Taken prisoner in April 1942 along with remaining U.S. forces, Trapnell endured months of horrific conditions at Camps O'Donnell and Cabanatuan.[13] While interned, he was promoted to lieutenant colonel.[1] In December, 1944, he was transported, along with 1,620 other prisoners, on the notorious POW hell ship, Oryoku Maru. U.S. dive-bombers, unaware of the ship's status, attacked and sunk the vessel. Trapnell survived only to fall victim to a repeated attack the following year. This time, United States Navy aircraft attacked and disabled the Enoura Maru. He and the approximate 950 survivors of the two sinkings were placed aboard the Brazil Maru but only 550 survived the journey to Japan. In August 1945, Trapnell was liberated from Hoten POW camp in Manchuria by Russian troops. At the time, his once athletic, six-foot frame had been reduced to less than 100 pounds. [14]

Post World War II[edit]

Upon his return to the United States, Trapnell attended the Command and General Staff College. Afterward, he completed Airborne School and assumed command of the 505th Parachute Infantry Regiment, 82nd Airborne Division at Ft. Bragg, North Carolina. On May 8, 1948, Trapnell led the 505th as part of a record-setting exercise that saw 2,200 paratroopers travel some 500 miles to make a jump at Camp Campbell, Kentucky.[15]

Korean War[edit]

In 1951, Trapnell was promoted to the rank of brigadier general and placed in command of the 187th Airborne Regimental Combat Team. In November of that year, the 187th made a "simulated combat drop", landing 3,000 troops and 100,000 lbs of equipment in South Korea during 'Operation Showoff,' a demonstration of wartime airlift capability.[16] From May to June, 1952, the 187th under Trapnell was instrumental in suppressing the rebellion of 80,000 Chinese and North Korean prisoners at the Koje-do Island POW camp. Some 40 prisoners were killed during the uprising which had been fomented by communist leaders attempting to disrupt truce negotiations.[17]

Indochina[edit]

From 1952 to 1954, Maj. Gen. Trapnell headed the U.S. advisory mission in French Indochina, leaving just before Ho Chi Minh's victory at Dien Bien Phu. While serving as the chief advisor, he issued a series of reports to his superiors in which he predicted that the French would not be able to defeat the communist insurgency. Trapnell was replaced by Maj. Gen. John W. O'Daniel and returned to the United States for a succession of commands: the recently reactivated 4th Armored Division at Ft. Hood, Texas from 1954 to 1955 and the 82nd Airborne Division from 1955-1956.

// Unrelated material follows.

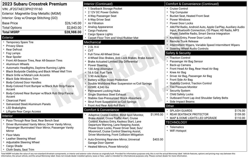 Magnetite Gray Metallic 2023 Subaru Crosstrek Premium Odometer is 17767 miles below market average! Sunroof/Moonroof, Bluetooth, Backup Camera, Recent Oil Service, Fully Detailed, Remote Keyless Entry, Heated Seats, Steering Wheel Controls. .....MORE and MORE... it's BEARDMORE.

Trapnell returned to South Korea in 1958 commanding I Corps for two years before becoming the Chief of Staff to Gen. Isaac White, Commander-in-Chief, U. S. Army Pacific. In 1960, after briefly commanding Third U.S. Army at Ft. McPherson, Georgia, he took command of both the XVIII Airborne Corps and the Strategic Army Corps at Ft. Bragg.[18] While there, Trapnell presided over the dedication of the Airborne Trooper statue in September 1961.[19] He also strongly advocated for the joint forces reaction force that became Strike Command.[2]

South Vietnam[edit]

In 1961, LT General Trapnell was in South Vietnam where he advised President John F. Kennedy against U.S. involvement.[2] Presciently gauging the eventual swing of U.S. public opinion and weighing the organizational success and popularity of Minh, Trapnell concluded that the Vietnamese communists were waging a "clever war of attrition." While he supported holding the line against communist expansion in Asia, he nevertheless believed that a "military solution in Indochina [was] not possible." [20]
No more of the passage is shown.